> _DIRECTIONS FOR THIS TASK_: The line containing "(题文)(题文)如图,AC=BC,DC=EC,∠ACB=∠ECD=90°,且∠EBD=42°,则∠AEB=_____.", and every line after it to the end of the listing, should be repeated exactly; the pictures should not.

━━━ DATA SUPPLIED

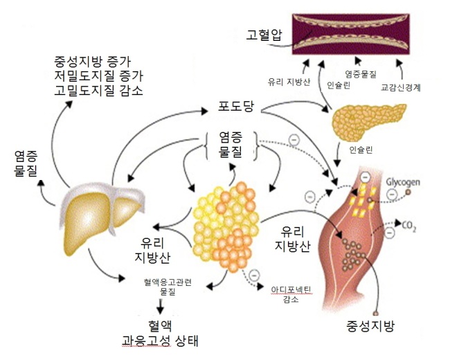 ▶ 내장지방의 증가 → 내장지방에서 유리지방산 분비 → 인슐린 저항성 증가 → 고혈당
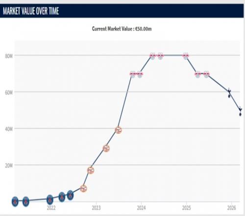 体育播报03月10日宣 德转3月9日更新英超球员身价,其中哈维·西蒙斯身价降至5000万欧。
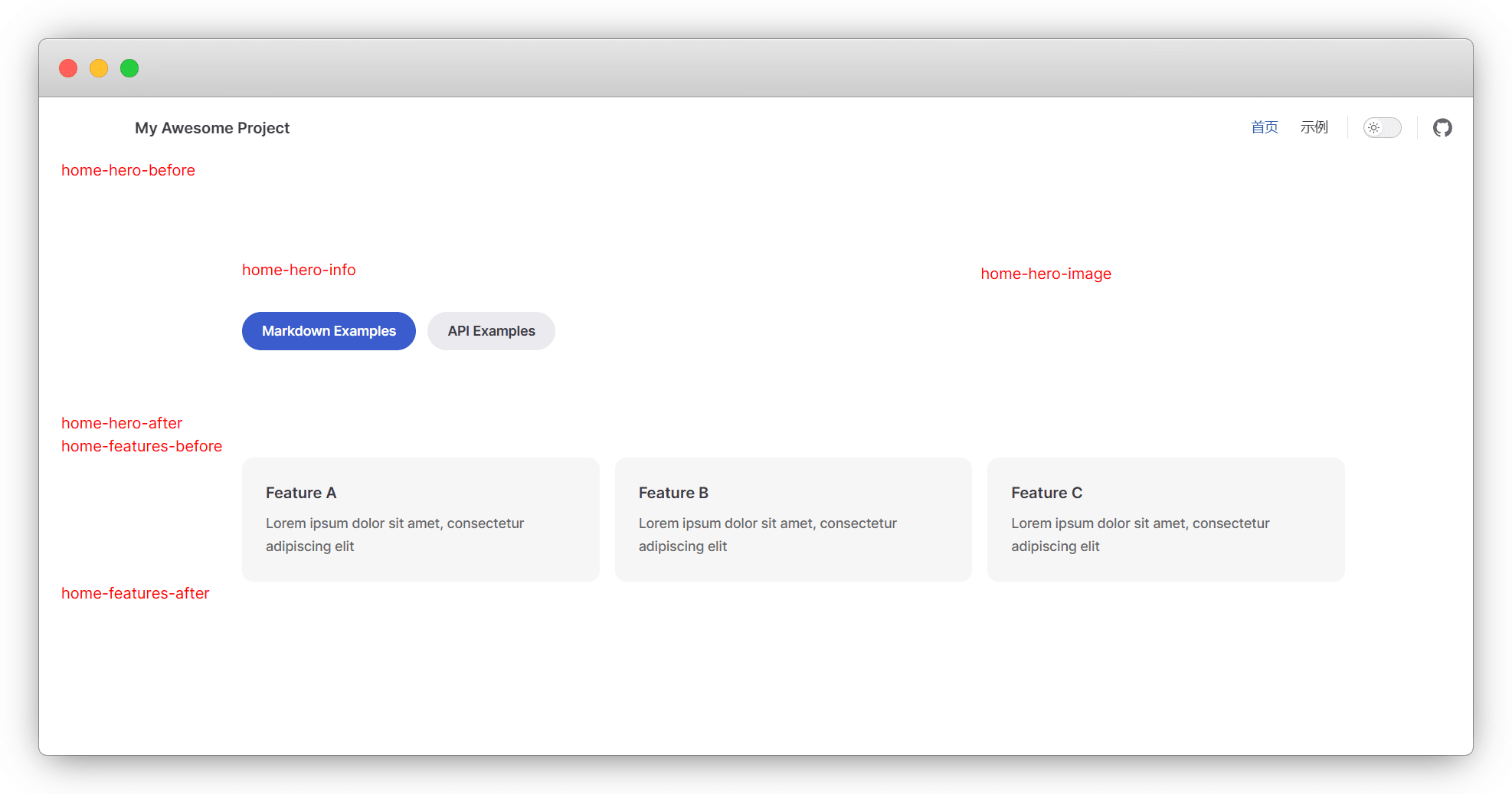 当 Frontmatter 配置 layout: home (默认)时插槽及位置
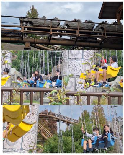 グループごとに園内を巡りいろいろなアトラクションを体験します。
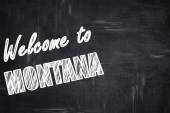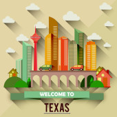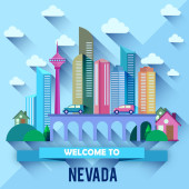 Ilustracja wektorowa kolorowe miasto nowoczesne wieżowce, samochody, most, rośliny, chmury i tekst Witamy w Montana
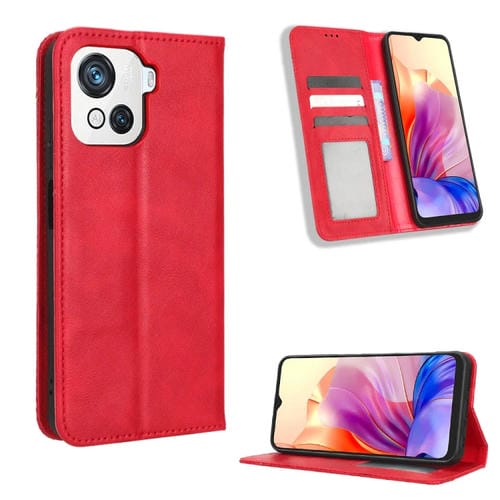 Funda de Cuero para BlackView Oscal C80 con Hebilla Magnética y Textura Retro (Rojo)
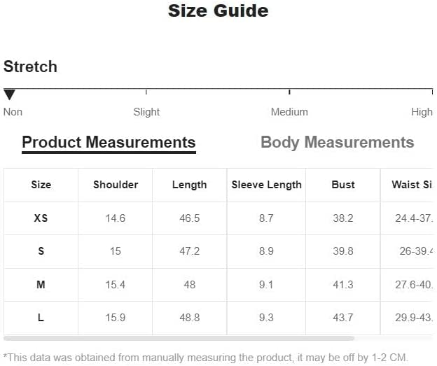 Small:Shoulder:15", Length:47.2", Sleeve Length:8.9", Bust:39.8", Waist Size:26-39.4", Cuff:24.4"
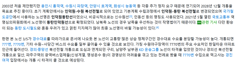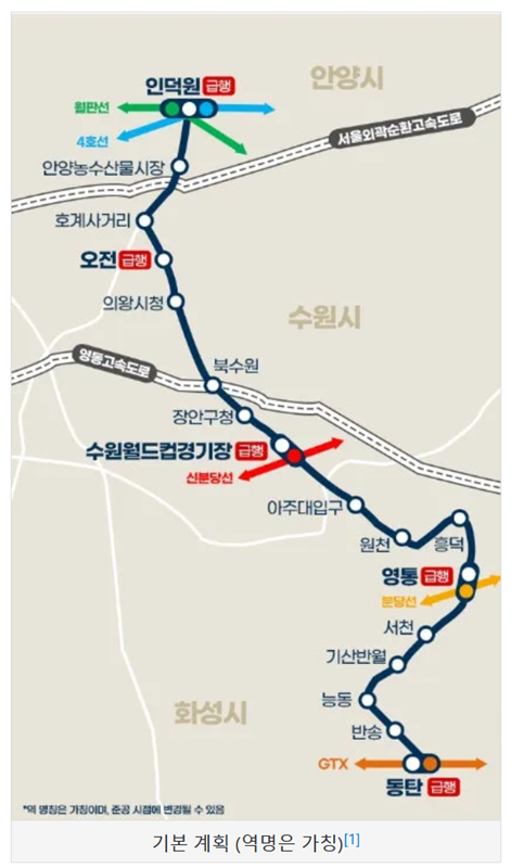 6. 이 사업은 2003년 처음 제안된 이후 여러 번의 계획 변경을 거쳐 지금의 모습으로 확정되었습니다. 초기에는 인덕원-수원선으로 불렸으나 종점이 동탄으로 변경되면서 명칭도 바뀌었습니다. 노선 대부분이 상습 정체 구간인 경수대로를 따라가기 때문에 개통되면 도로 교통량을 분산시키는 효과가 클 것이며 기존의 광역버스 수요도 일부 흡수할 것으로 예상됩니다.
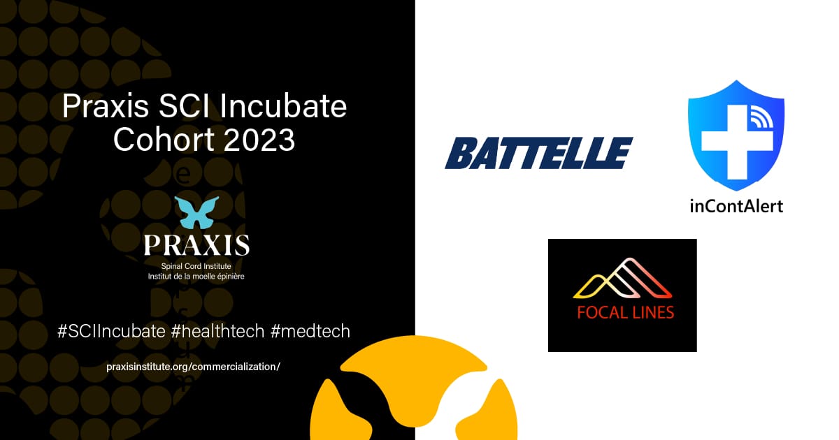 VANCOUVER, BC – February 23, 2023 – Praxis Spinal Cord Institute is pleased to announce the three transformative technologies selected as the SCI Incubate program cohort for 2023. Three companies— Battelle, inContAlert, and Focal Lines Technologies [supported under the SCI Validate program]—will take part in the four-month intensive mentoring program to accelerate innovation into commercial reality for the spinal cord injury (SCI) community.
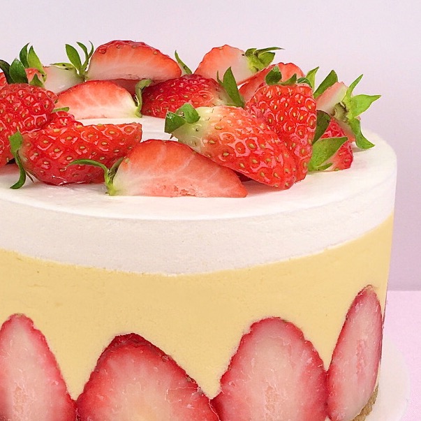 โง Put 7. on a plate and decorate the top with strawberries cut into quarters.
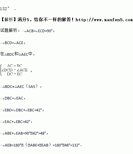 (题文)(题文)如图,AC=BC,DC=EC,∠ACB=∠ECD=90°,且∠EBD=42°,则∠AEB=_____.
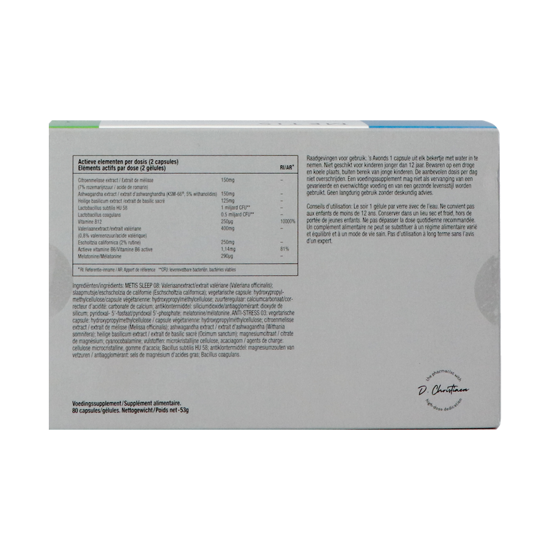 's Avonds 1 capsule Metis Sleep 08 + 1 tot 2 capsules Metis Anti-Stress 03 met een beetje water innemen, 30 min voor het slapengaan.
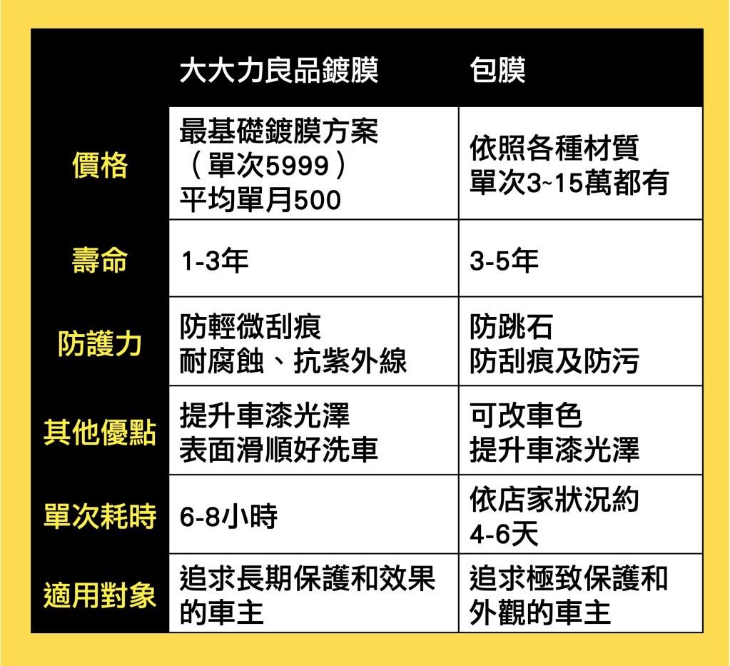 目前大大力提供多種鍍膜方案:一年期$5,999、二年期$8,999、三年期$11,999起,7人座及皮卡只需+$1,000,上述說的施作範圍及套裝內容皆含在內。各方案的差異是:使用的藥劑、施作層數及保固年期皆不盡相同,有興趣可以[直接加🔗官方LINE私訊我們]了解更多詳情!
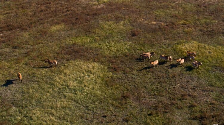Чернобыльский заповедник опубликовал фото лошадей Пржевальского на весенней поляне

━━━━━━

> _REPLY TO THE EXERCISE_:
 (题文)(题文)如图,AC=BC,DC=EC,∠ACB=∠ECD=90°,且∠EBD=42°,则∠AEB=_____.
 's Avonds 1 capsule Metis Sleep 08 + 1 tot 2 capsules Metis Anti-Stress 03 met een beetje water innemen, 30 min voor het slapengaan.
 目前大大力提供多種鍍膜方案:一年期$5,999、二年期$8,999、三年期$11,999起,7人座及皮卡只需+$1,000,上述說的施作範圍及套裝內容皆含在內。各方案的差異是:使用的藥劑、施作層數及保固年期皆不盡相同,有興趣可以[直接加🔗官方LINE私訊我們]了解更多詳情!
Чернобыльский заповедник опубликовал фото лошадей Пржевальского на весенней поляне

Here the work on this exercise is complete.